See the Action and in particular the section Main action “properties” for more information about how to manipulate these properties.

Observable attributes

In this section we explain the generators attributes you can access from an observation. These attributes are:

  • gen_p: the current active production of each generators, in MW. Usage: obs.gen_p[gen_id] will retrieve the active production of generator with id gen_id

  • gen_q: the current reactive production of each generators, in MVAr. Usage: obs.gen_q[gen_id] will get the reactive production of generator with id gen_id

  • gen_v: the voltage of the bus at which the generator is connected, in kV. Usage obs.gen_v[gen_id] will get the voltage magnitude of the bus at which generator with id gen_id is connected.

  • gen_bus: the bus to which each generators is connected. Usage obs.gen_bus[gen_id] will get the bus to which generator with id gen_id is connected (typically -1, 1 or 2).

  • target_dispatch: the target values given by the agent to the environment (eg using act.redispatch), in MW. Usage: obs.target_dispatch[gen_id]. More information in the “Equations” section.

  • actual_dispatch: actual dispatch: the values the environment was able to provide as redispatching, in MW. Usage: obs.actual_dispatch[gen_id]. More information in the “Equations” section.

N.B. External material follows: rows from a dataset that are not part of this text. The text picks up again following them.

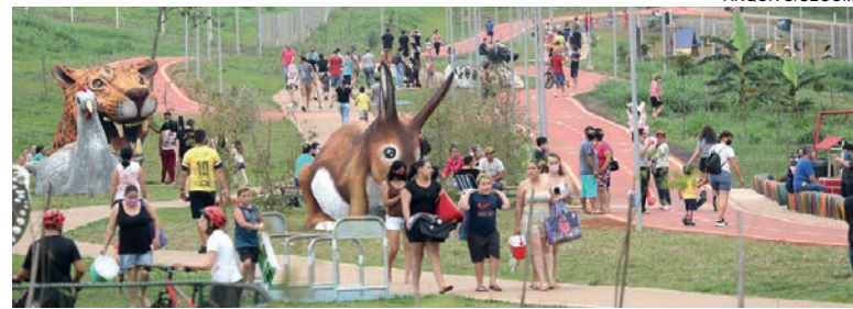
Benefícios dos ecoparks, já instalados nas regiões dos bairros Morumbi e Santa Cruz, também chegarão ao Santa Felicidade e Floresta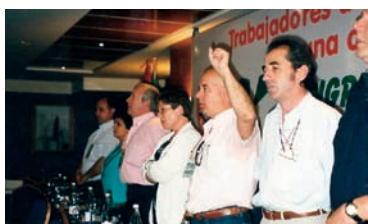
Clausura del Congreso AHUGT-A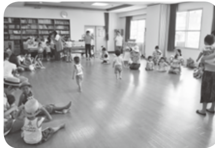
親子ふれあい広場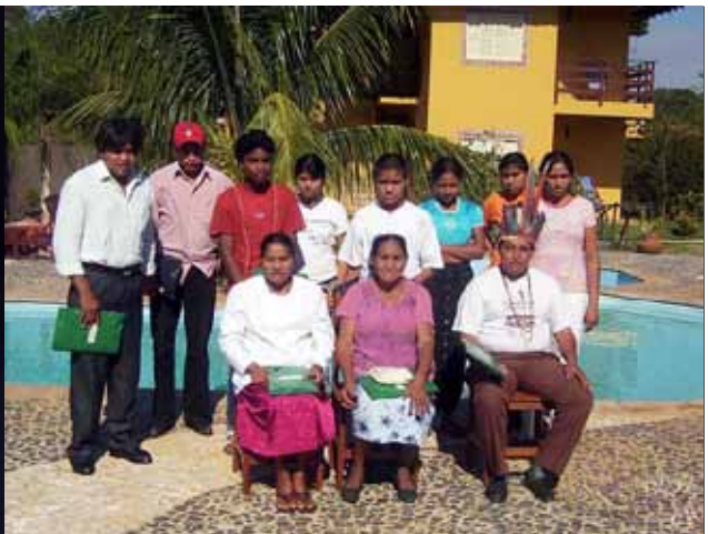
Figura 2. Pousada em Bonito. Grupo Kinikinau no Seminário “Povo Kinikinau: Persistindo a resistência”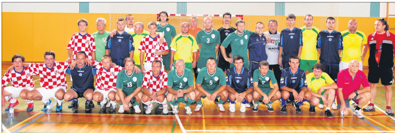
Ekipe Hrvaške, Bosne, Slovenije in Kralji ulice.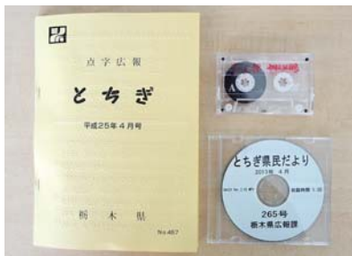
点字広報誌「とちぎ」(左)と声の広報「とちぎ」のカセットテープ(上)、点字版CD(下)

昭和54年の創刊以来、県政の情報を全般的に扱う広報紙として、県内の各家庭にとちぎの旬な情報をお届けしています。県政の話題やとちぎの魅力などを、イラストや写真を交えてわかりやすく紹介する特集や、募集や試験、催しなどの県からのお知らせ、知事コラム「吹き竹」など盛りだくさんの内容です。気になる情報にチェックをつけて、後から確認したり、持ち歩いたりでき、見やすさや使いやすさも魅力です。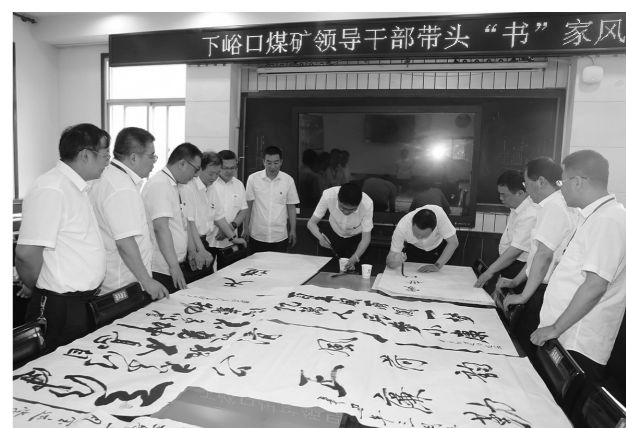
近日,韩城矿业公司下峪口矿开展以“德润陕煤”为主题的廉政文化作品征集活动。矿党政工领导带头书写廉政家风语录,一句句廉政格言跃然纸上,在接受艺术熏陶的同时,荡涤了心灵深处的尘埃,接受了廉政教育的洗礼。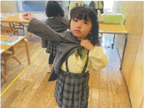
ボレロを着て UTABUTAの練習へ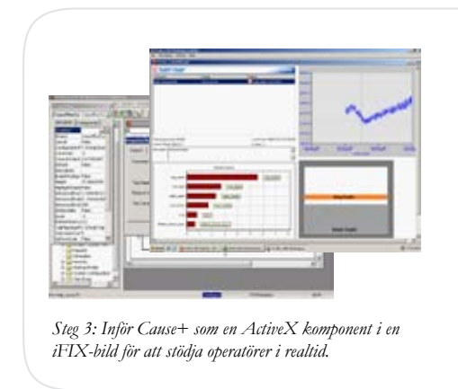
Steg 3: Inför Cause+ som en ActiveX komponent i en iFIX-bild för att stödja operatörer i realtid.

jämför med det "normala". Så länge som processens fingeravtryck stämmer med det "normala" fingeravtrycket händer inget men när en avvikelse uppstår talar Cause+ direkt om för en operatör vad som är orsaken och vad som bör göras för att återgå till ett normalt tillstånd.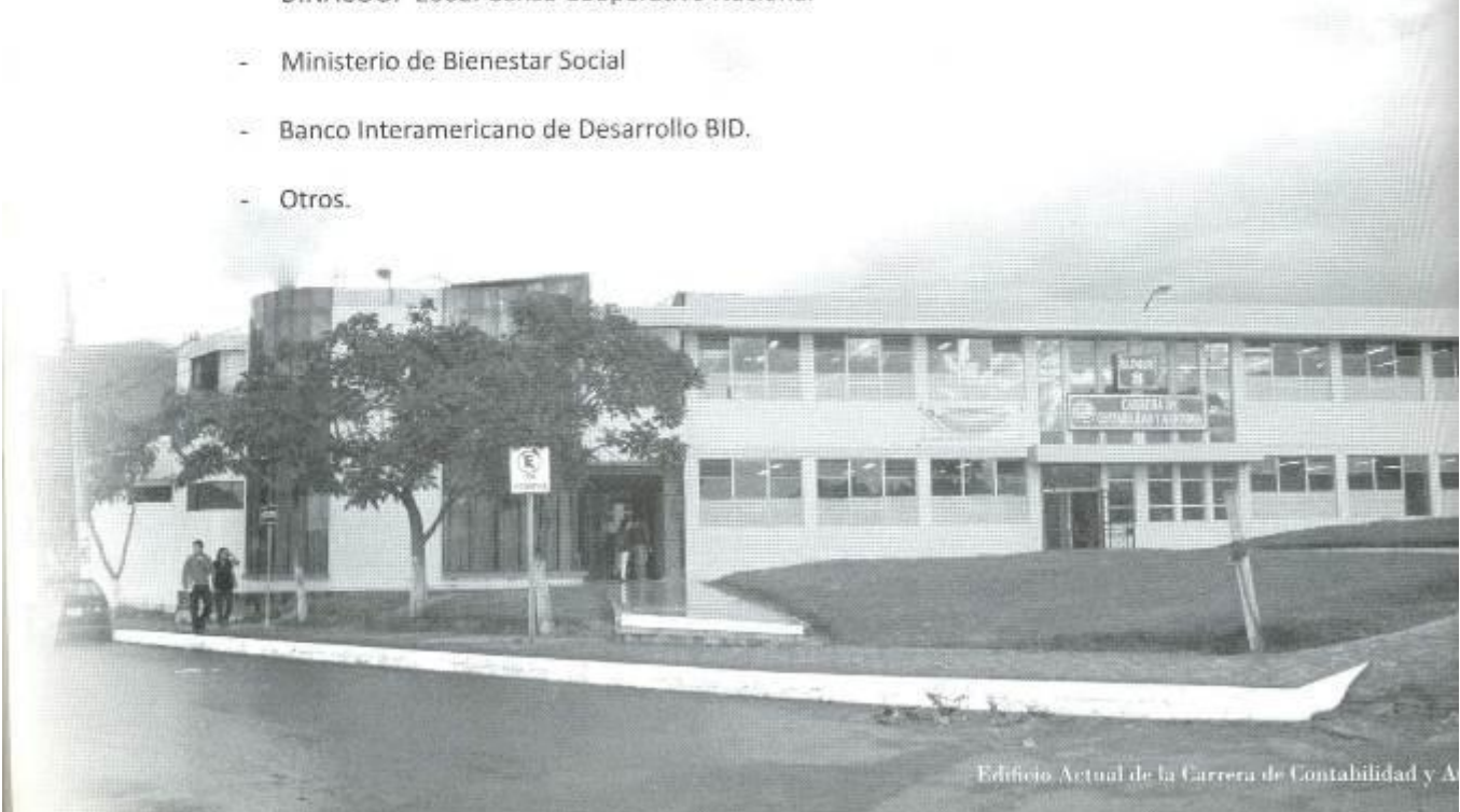
Edificio Actual de la Carrera de Contabilidad y A

  • gen_p_before_curtail: give the amount of production for each renewable generators if no curtailment were applied. NB by convention it will be 0.0 for non renewable generator

  • curtailment: give the ratio of curtailment for each generator. NB it will always be 0.0 for non renewable generator. NB the property curtailment_mw also exists if you want to convert the curtailment, normally expressed in ratio of gen_pmax as a curtailment in MW.

  • gen_p_before_curtail: give the generation that would occur if there is not curtailment

  • curtailment_limit: add the limits of all the past curtailment actions. (This is given in ration of gen_pmax, if you want it in MW you can use curtailment_limit_mw)

Satisfied equations

Notations

Let’s denote by:

\begin{align*}
\overline{\mathbf{g}} &: \text{maximum active production of all generators (vector)} \\
\underline{\mathbf{g}} &: \text{minimum active production of all generators (vector)} \\
\mathbf{\overline{\delta p}} &: \text{maximum ramp up for all generators}  \\
\mathbf{\underline{\delta p}} &: \text{maximum ramp up for all generators} \\
\mathbf{r}_t &: \text{vector of all redispatching asked by the agent at step t}  \\
\mathbf{u}_t &: \text{vector of all active setpoint of all generators at step t}  \\
\mathbf{h}_t &: \text{vector of all "target dispatch" at step t}  \\
\mathbf{v}_t &: \text{vector of all "target curtailment" at step t}  \\
\mathbf{g}_t &: \text{vector of all active productions at step t} \\
\mathbf{d}_t &: \text{vector of all actual redispatching at step t}  \\
\mathbf{c}_t &: \text{applied curtailment at step t in MW}  \\
\mathbf{e}_t &: \text{production of renewable generator if no curtailment is applied}  \\
\end{align*}

Using the above notation, these vector are accessible in grid2op with:

  • \overline{\mathbf{g}} = env.gen_pmax

  • \underline{\mathbf{g}} = env.gen_pmin

  • \mathbf{\overline{\delta p}} = env.gen_max_ramp_up

  • \mathbf{\underline{\delta p}} = env.gen_max_ramp_down

  • \mathbf{r}_t = act.redispatch

  • \mathbf{u}_t = act.prod_p [typically read from the chronics]

  • \mathbf{h}_t = obs.target_dispatch

  • \mathbf{v}_t = act.curtail_mw

  • \mathbf{g}_t = obs.prod_p [the production in the observation]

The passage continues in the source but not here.